The lines running from the one that contains "Video được quay" to the end of the records below are what to reproduce, exactly and without pictures.

START DATA PROVIDED

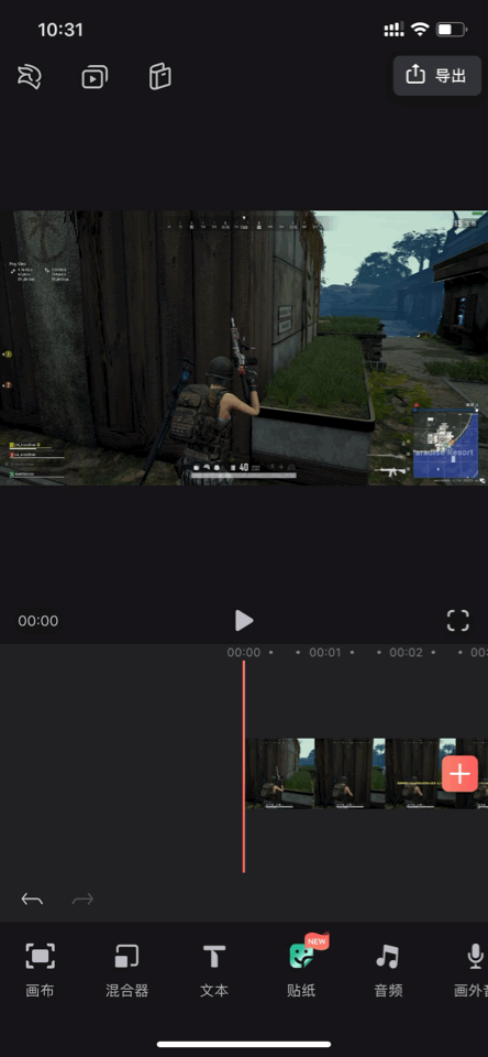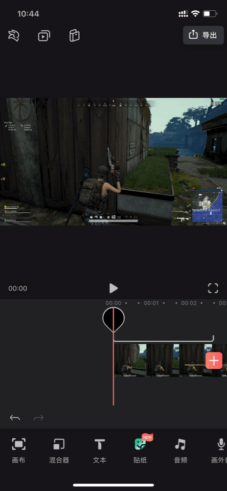 将拆分出来的视频片段复制一份用来做放大效果,点击这段视频,滑动工具条点击‘复制’,再点击‘混合器’将复制的片段单独放置到一个图层。
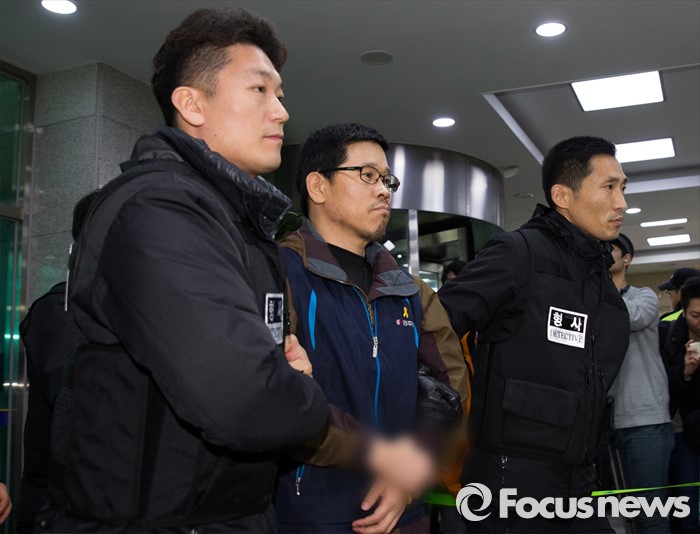 (서울=포커스뉴스) 한상균 민주노총위원장이 10일 오전 서울 중구 남대문경찰서로 압송되고 있다.
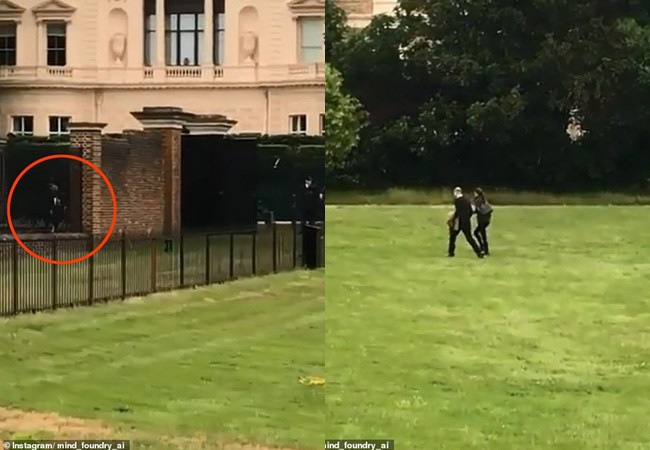 Video được quay từ bên ngoài hàng rào Điện Kensington và chia sẻ hôm 19/6 kèm chú thích: "Theo dõi họ về, tôi nhận thấy cả hai đi rất nhanh và nói đùa chắc họ đang phải về nhà với bọn trẻ. Hóa ra có vẻ tôi đã đúng. Trong video này, các bạn sẽ thấy bóng dáng giống như ba đứa bé nhà Cambridge đang chờ bố mẹ đi làm về".
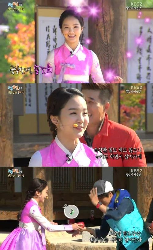 국악소녀 송소희가 KBS 2TV ‘해피선데이-1박 2일’(이하 ‘1박2일’)에 깜짝 출연했다.
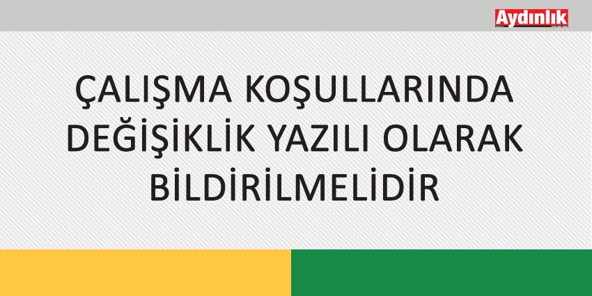 ÇALIŞMA KOŞULLARINDA DEĞİŞİKLİK YAZILI OLARAK BİLDİRİLMELİDİR

END DATA PROVIDED

WRITTEN RESPONSE »
 Video được quay từ bên ngoài hàng rào Điện Kensington và chia sẻ hôm 19/6 kèm chú thích: "Theo dõi họ về, tôi nhận thấy cả hai đi rất nhanh và nói đùa chắc họ đang phải về nhà với bọn trẻ. Hóa ra có vẻ tôi đã đúng. Trong video này, các bạn sẽ thấy bóng dáng giống như ba đứa bé nhà Cambridge đang chờ bố mẹ đi làm về".
 국악소녀 송소희가 KBS 2TV ‘해피선데이-1박 2일’(이하 ‘1박2일’)에 깜짝 출연했다.
 ÇALIŞMA KOŞULLARINDA DEĞİŞİKLİK YAZILI OLARAK BİLDİRİLMELİDİR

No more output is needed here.